Shards¶

To learn how to run a sharded environment for development, see Running a Sharded Environment.

Every kcp shard is hosting a set of logical clusters. A logical cluster is identified by a globally unique identifier called a cluster name. A shard serves the logical clusters under /clusters/<cluster-name>.

A set of known shards comprises a kcp installation.

Root Logical Cluster¶

Every kcp installation has one logical cluster called root. The root logical cluster holds administrational objects. Among them are shard objects.

Shard Objects¶

The set of shards in a kcp installation is defined by Shard objects in core.kcp.io/v1alpha1.
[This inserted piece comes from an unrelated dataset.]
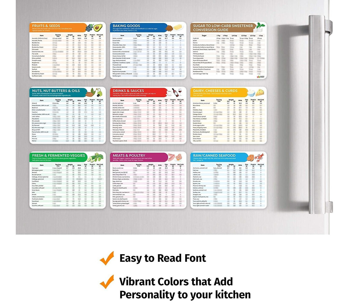 Specification: Keto Cheat Sheet Imanes – 9 Pc – Dieta Keto Para Los Princip

A shard object specifies the network addresses, one for external access (usually some worldwide load balancer) and one for direct access (shard to shard).

Logical Clusters and Workspace Paths¶

Logical clusters are defined through the existence of a LogicalCluster object "in themselves", similar to a . directory defining the existence of a directory in Unix.

Every logical cluster name name is a logical cluster path. Every logical cluster is reachable through /cluster/<path> for every of their paths.

A Workspace in tenancy.kcp.io/v1alpha1 of name name references a logical cluster specified in Workspace.spec.cluster. If that workspace object resided in a logical cluster reachable via a path path, the referenced logical cluster can be reached via a path path:name.

Canonical Paths¶

The longest path a logical cluster is reachable under is called the canonical path. By default, all canonical paths start with root, i.e. they start in root logical cluster.

The logical cluster object annotated with kcp.io/path: <canonical-path>.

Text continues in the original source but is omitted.